WHAT THIS TASK INVOLVES -> Transcribe the listing below verbatim, omitting pictures.

INPUT DATA ->
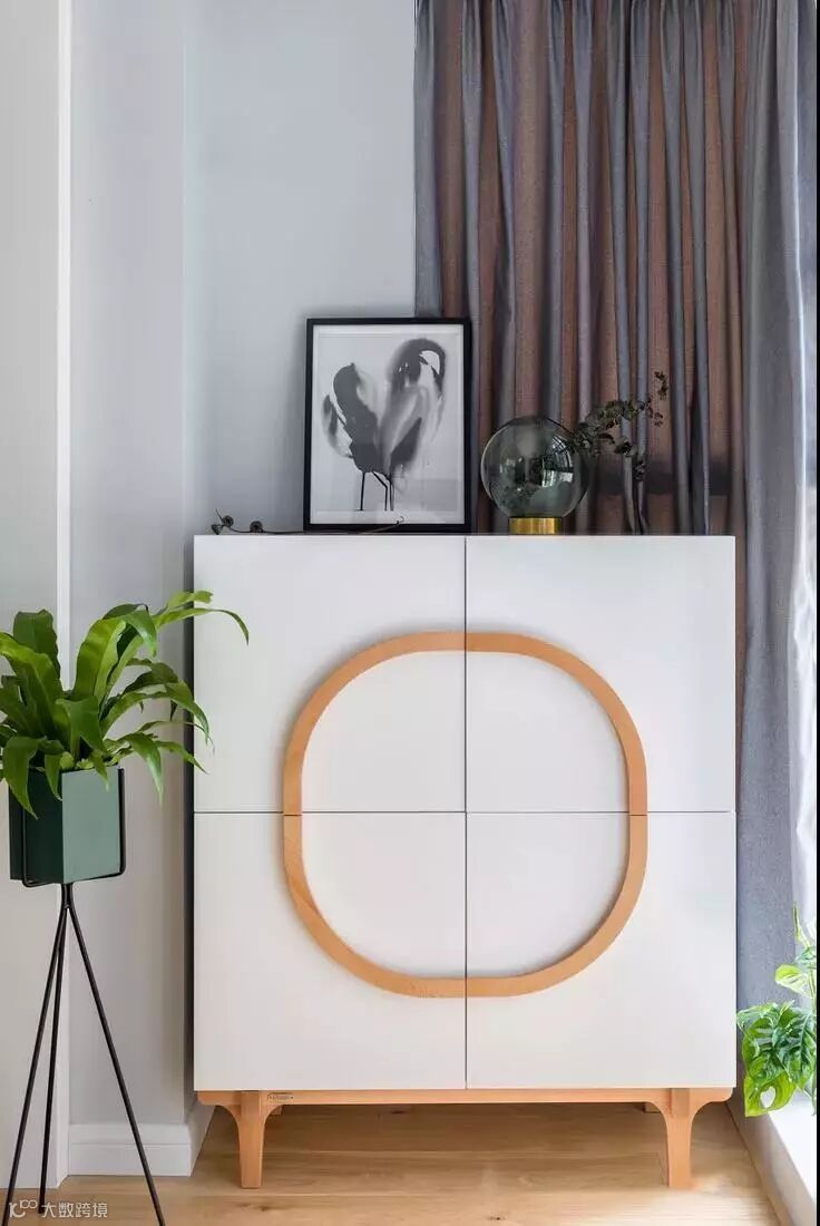 客厅以木色、白色、浅灰色为主色调,小面积点缀低饱和度的自然系色彩。朴素的材质,搭配绿植图案,整个空间显得更加简单舒适,又不乏温情。
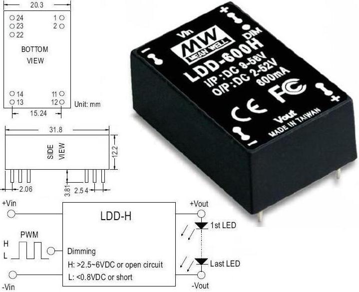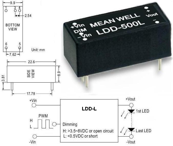 Modo ON with dimming: DIM ~ -Vin >2.5 ~ 6VDC o circuito abierto
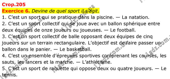 UNITÉ 8 LE SPORT » Стр.205 (6)
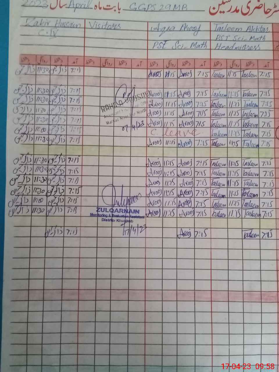 | Name: Aq**** Ar**** Designation: (School Headmaster's/Headmistress's) PST Phone/Cell Number: 03**** |
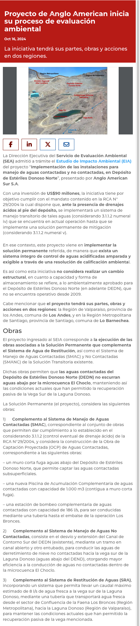 Anglo American invertirá US$90 millones para contener aguas - (La Segunda)
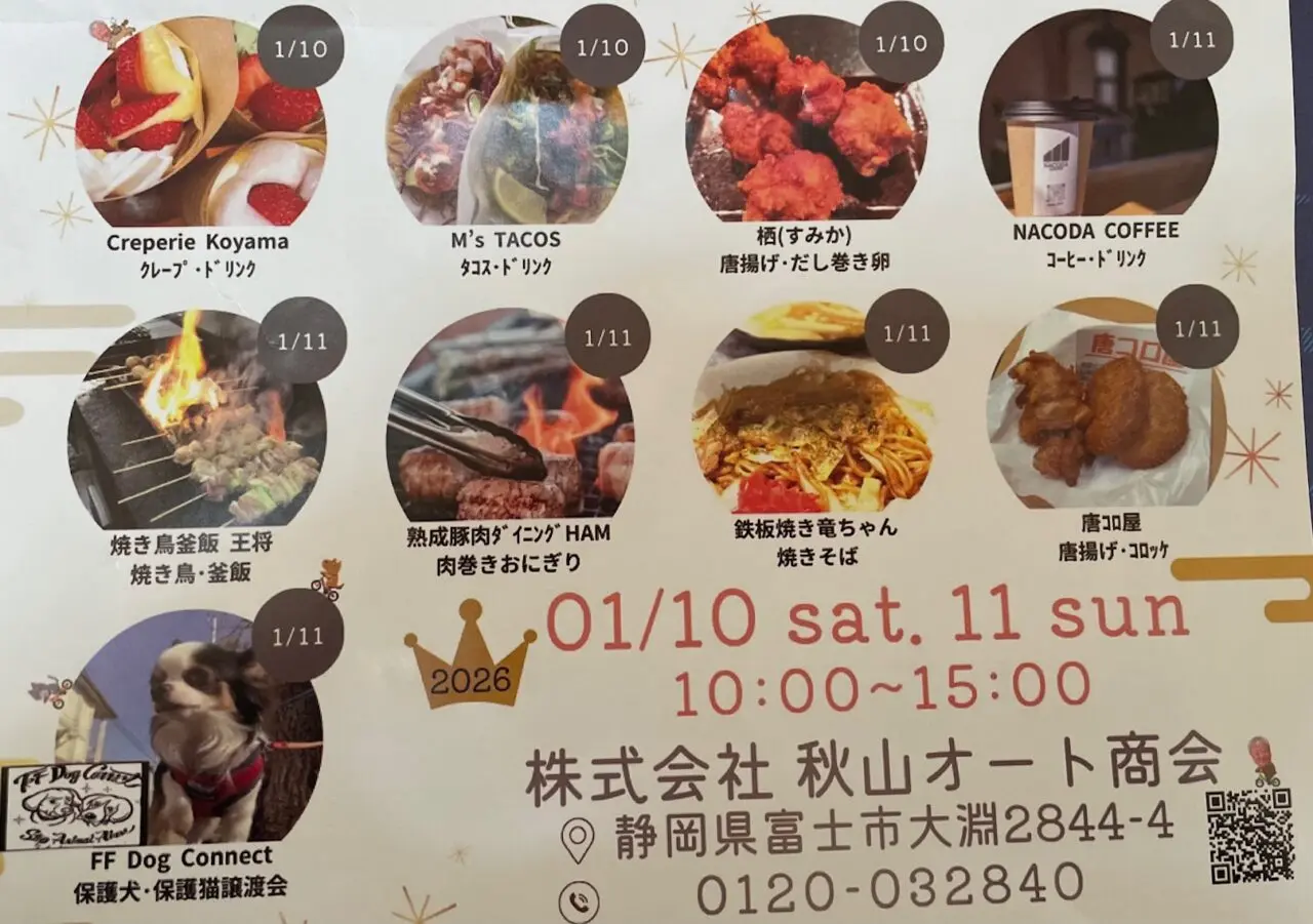 【富士市】「新春初売 秋フェス」が1月10日・11日に開催されます!キッチンカーが大集合!
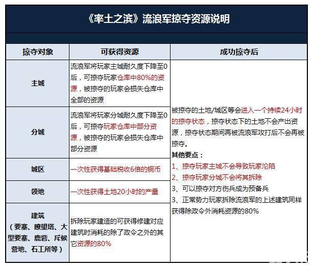 掠夺是掠夺正常势力玩家的领地或者城区各种资源,是流浪军获得资源的主要途径,具体可获得的资源如下表:
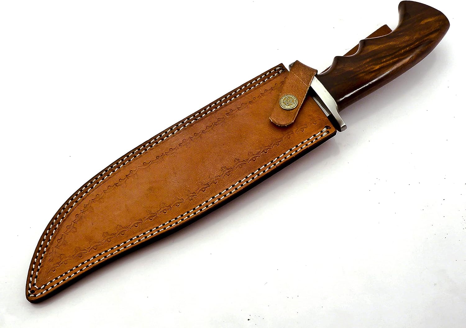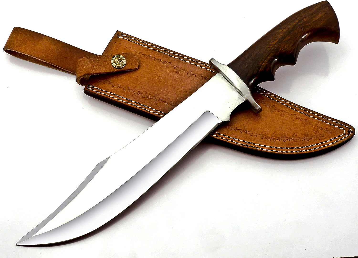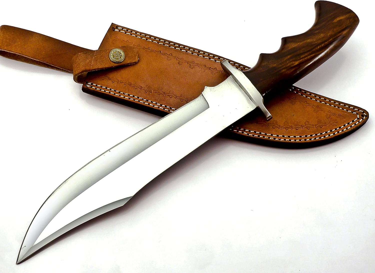The Handmade Bowie Knife features a 15-inch 440C stainless steel blade with a Rosewood handle for a comfortable, ergonomic grip. Comes with a premium leather sheath for safe carrying. Ideal for hunting, camping, outdoor adventures, or everyday tasks, this multipurpose knife is durable, sharp, and reliable.
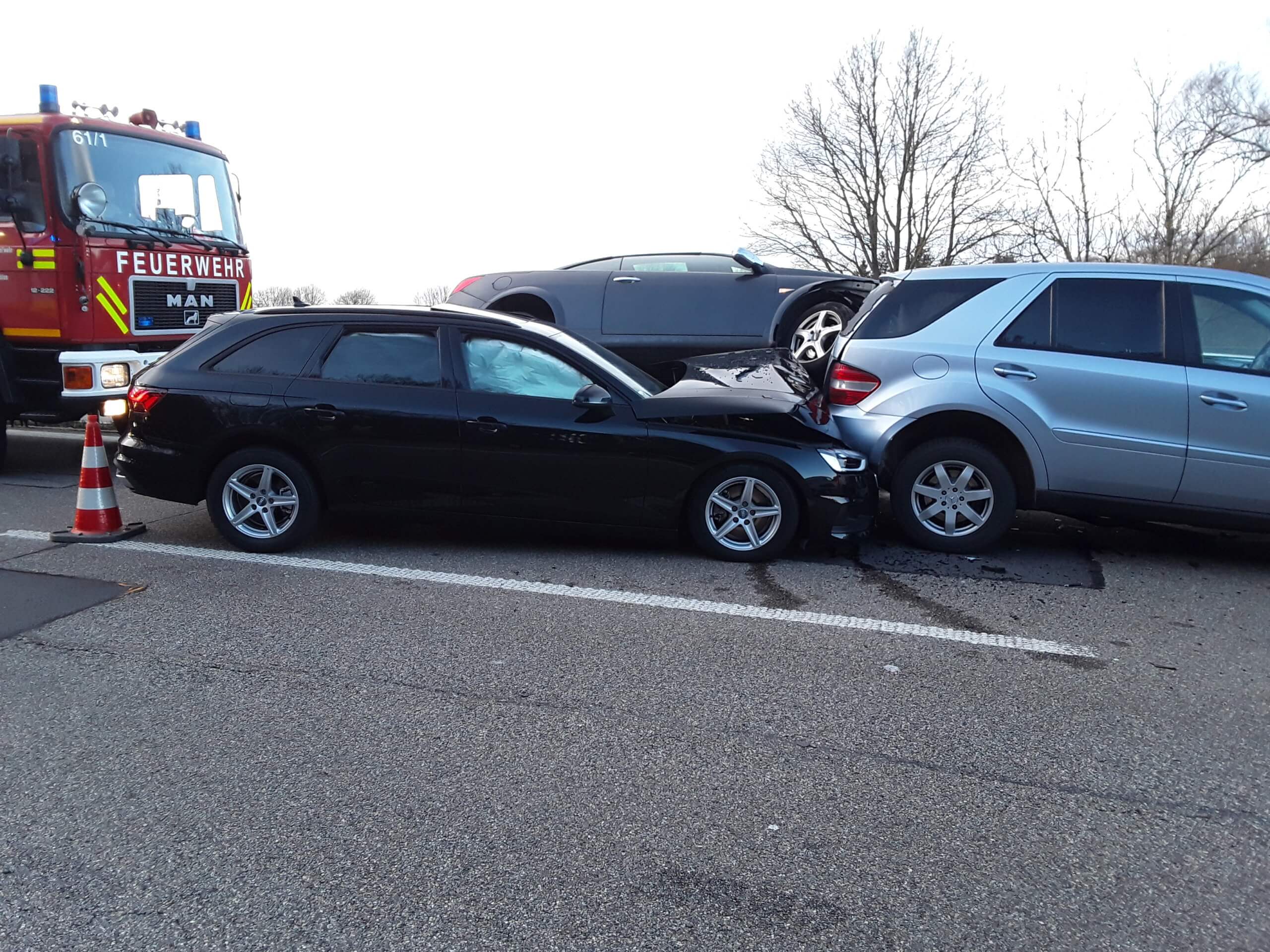Am 21.02.2020 wurde die Feuerwehr Buchloe auf die A96 zu einem Verkehrsunfall mit mehreren beteiligten Fahrzeugen alarmiert. Vor Ort bestätigte sich die gemeldete Lage, glücklicherweise waren keine Personen eingeklemmt. Die Feuerwehr leitete zunächst den Verkehr an der Unfallstelle vorbei und richtete später eine Vollsperrung der BAB ein, reinigte die Fahrbahn und unterstützte den Rettungsdienst. Zudem stellte die Feuerwehr bis zum Eintreffen des Abschleppdienstes den Brandschutz sicher. Auch der Rettungsdienst war mit einem Großaufgebot vor Ort. Gegen 19:45 konnte die Vollsperrung aufgelöst werden und alle Einsatzkräfte wieder in das Gerätehaus einrücken.

SOLUTION TO THE PROBLEM ->
 客厅以木色、白色、浅灰色为主色调,小面积点缀低饱和度的自然系色彩。朴素的材质,搭配绿植图案,整个空间显得更加简单舒适,又不乏温情。
 Modo ON with dimming: DIM ~ -Vin >2.5 ~ 6VDC o circuito abierto
 UNITÉ 8 LE SPORT » Стр.205 (6)
 | Name: Aq**** Ar**** Designation: (School Headmaster's/Headmistress's) PST Phone/Cell Number: 03**** |
 Anglo American invertirá US$90 millones para contener aguas - (La Segunda)
 【富士市】「新春初売 秋フェス」が1月10日・11日に開催されます!キッチンカーが大集合!
 掠夺是掠夺正常势力玩家的领地或者城区各种资源,是流浪军获得资源的主要途径,具体可获得的资源如下表:
The Handmade Bowie Knife features a 15-inch 440C stainless steel blade with a Rosewood handle for a comfortable, ergonomic grip. Comes with a premium leather sheath for safe carrying. Ideal for hunting, camping, outdoor adventures, or everyday tasks, this multipurpose knife is durable, sharp, and reliable.
Am 21.02.2020 wurde die Feuerwehr Buchloe auf die A96 zu einem Verkehrsunfall mit mehreren beteiligten Fahrzeugen alarmiert. Vor Ort bestätigte sich die gemeldete Lage, glücklicherweise waren keine Personen eingeklemmt. Die Feuerwehr leitete zunächst den Verkehr an der Unfallstelle vorbei und richtete später eine Vollsperrung der BAB ein, reinigte die Fahrbahn und unterstützte den Rettungsdienst. Zudem stellte die Feuerwehr bis zum Eintreffen des Abschleppdienstes den Brandschutz sicher. Auch der Rettungsdienst war mit einem Großaufgebot vor Ort. Gegen 19:45 konnte die Vollsperrung aufgelöst werden und alle Einsatzkräfte wieder in das Gerätehaus einrücken.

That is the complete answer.